■ **DATASET CONTENT**:
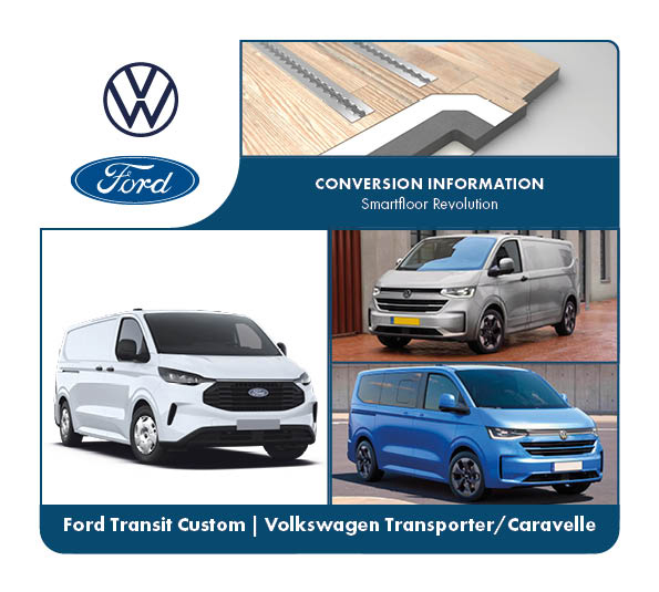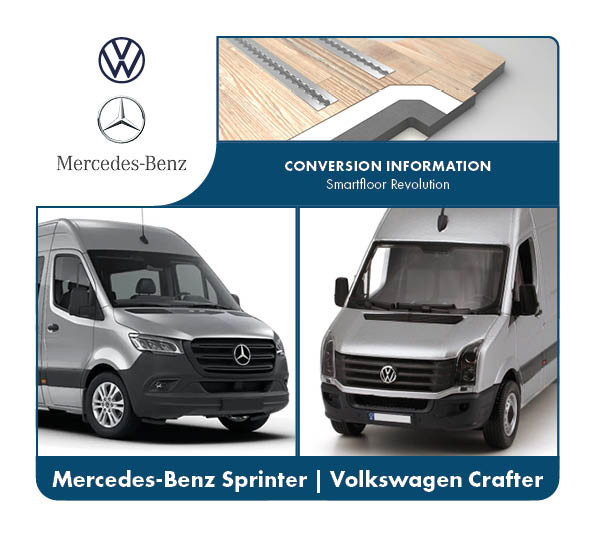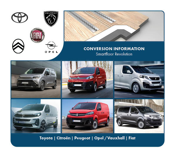 De Smartfloor Revolution is M1- gecertificeerd voor de volgende voertuigen en wordt compleet geassembleerd en beplakt met vloerzeil. Er is keuze uit diverse soorten vloerzeil:
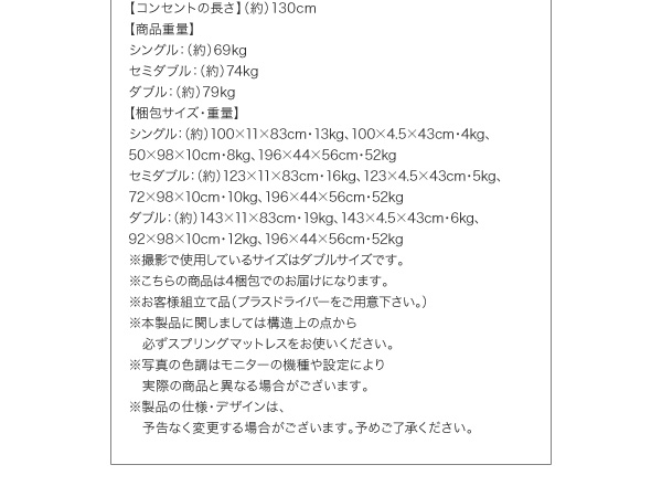 【商品重量】シングル:約12kg、セミダブル:約15kg、ダブル:約18kg
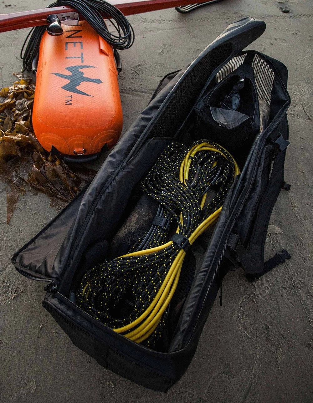 TheΒ new Gannet Kit Bag Is a ground up design for the serious freediver. Β Loaded with features it is designed to protect, organize, and carry all your gear with room to spare. Β Individual padded fin pockets that fit all long blades, padded and removable compartments for delicate things like your mask and computer, Β the Kit Bag has what you are looking for. Β Fabricated withΒ a tight weave mesh, it has padding where you need it and ventilation where you want it. Β All that and padded backpack straps for the haul through the airport or to your favorite spot.

■ **YOUR INSTRUCTIONS**: Give the data above again exactly. Leave the pictures out.

■ **RESULT OF THIS TASK**:
 De Smartfloor Revolution is M1- gecertificeerd voor de volgende voertuigen en wordt compleet geassembleerd en beplakt met vloerzeil. Er is keuze uit diverse soorten vloerzeil:
 【商品重量】シングル:約12kg、セミダブル:約15kg、ダブル:約18kg
 TheΒ new Gannet Kit Bag Is a ground up design for the serious freediver. Β Loaded with features it is designed to protect, organize, and carry all your gear with room to spare. Β Individual padded fin pockets that fit all long blades, padded and removable compartments for delicate things like your mask and computer, Β the Kit Bag has what you are looking for. Β Fabricated withΒ a tight weave mesh, it has padding where you need it and ventilation where you want it. Β All that and padded backpack straps for the haul through the airport or to your favorite spot.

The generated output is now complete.